To determine whether tourism development at a destination is sustainable, a set of indicators measuring progress toward sustainable development must be used (Dimoska & Petrevska, 2012). These indicators help identify current issues, potential risks and necessary actions while also evaluating the outcomes of implemented measures (Griffin, 2011). Dimoska and Petrevska (2012) emphasise that these indicators must meet criteria such as relevance, availability, meaning and reliability to be effective. When applied to heritage tourism, these indicators also help assess the motivations driving visitation, including cultural preservation, education, and spiritual enrichment.

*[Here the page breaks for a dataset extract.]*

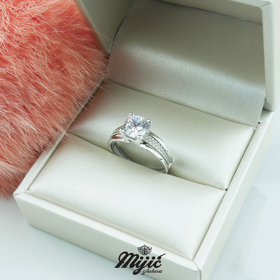 Verenički prsten Alisa od belog zlata sa centralnim kamenom.

Heritage tourism motivations often involve intangible cultural elements, making the interconnection of tourism impacts even more significant (Khunou, 2016). Sustainable tourism indicators are vital for destination managers to mitigate risks and promote sustainable development at all levels (UNWTO, 2004; Griffin, 2011). Indicators related to the socio-cultural, economic and environmental dimensions of sustainability (Ceron, 2003; Gebhard et al., 2007) are highly relevant in heritage tourism, where preserving cultural integrity and ensuring economic benefits for local communities are key concerns. Indicators related to local satisfaction, such as perceptions of tourism’s contribution to infrastructure and services, or the balance between tourist influx and local needs, must be customised to reflect the unique motivations behind heritage tourism (Dimoska & Petrevska, 2012). Understanding tourist satisfaction within heritage contexts includes assessing factors such as cultural authenticity, educational value and return visitation (Bam & Kunwar, 2020). Sustainable heritage tourism also involves managing environmental impacts by considering resource conservation, such as energy and water use and preserving the integrity of heritage sites through responsible waste management and conservation efforts (European Space Agency, 2024).

3.3. Tourist Motivations and the Theory of Planned Behaviour

Heritage tourism motivations are an important element to consider when applying sustainable tourism indicators, as they influence both the socio-cultural and economic dimensions of sustainability. Tourists are often driven by a desire to connect with history, culture, and identity, which underscores the importance of preserving and promoting heritage sites in a sustainable manner (McKercher & du Cros, 2018). These motivations also relate to indicators like local satisfaction, as communities benefit from the preservation and interpretation of their heritage, fostering a sense of pride and identity (Su & Wall, 2019). Additionally, heritage tourism can drive economic sustainability by attracting tourists who contribute to the local economy through spending on accommodation, transport, and other services. Consequently, incorporating heritage tourism motivations into sustainable development frameworks is crucial to ensure that the cultural significance of destinations is maintained while achieving socio-economic benefits (Timothy, 2017). These indicators have the ability to measure factors such as tourist motivations in heritage destinations, including the desire for historical knowledge, identity formation or connection to ancestral roots.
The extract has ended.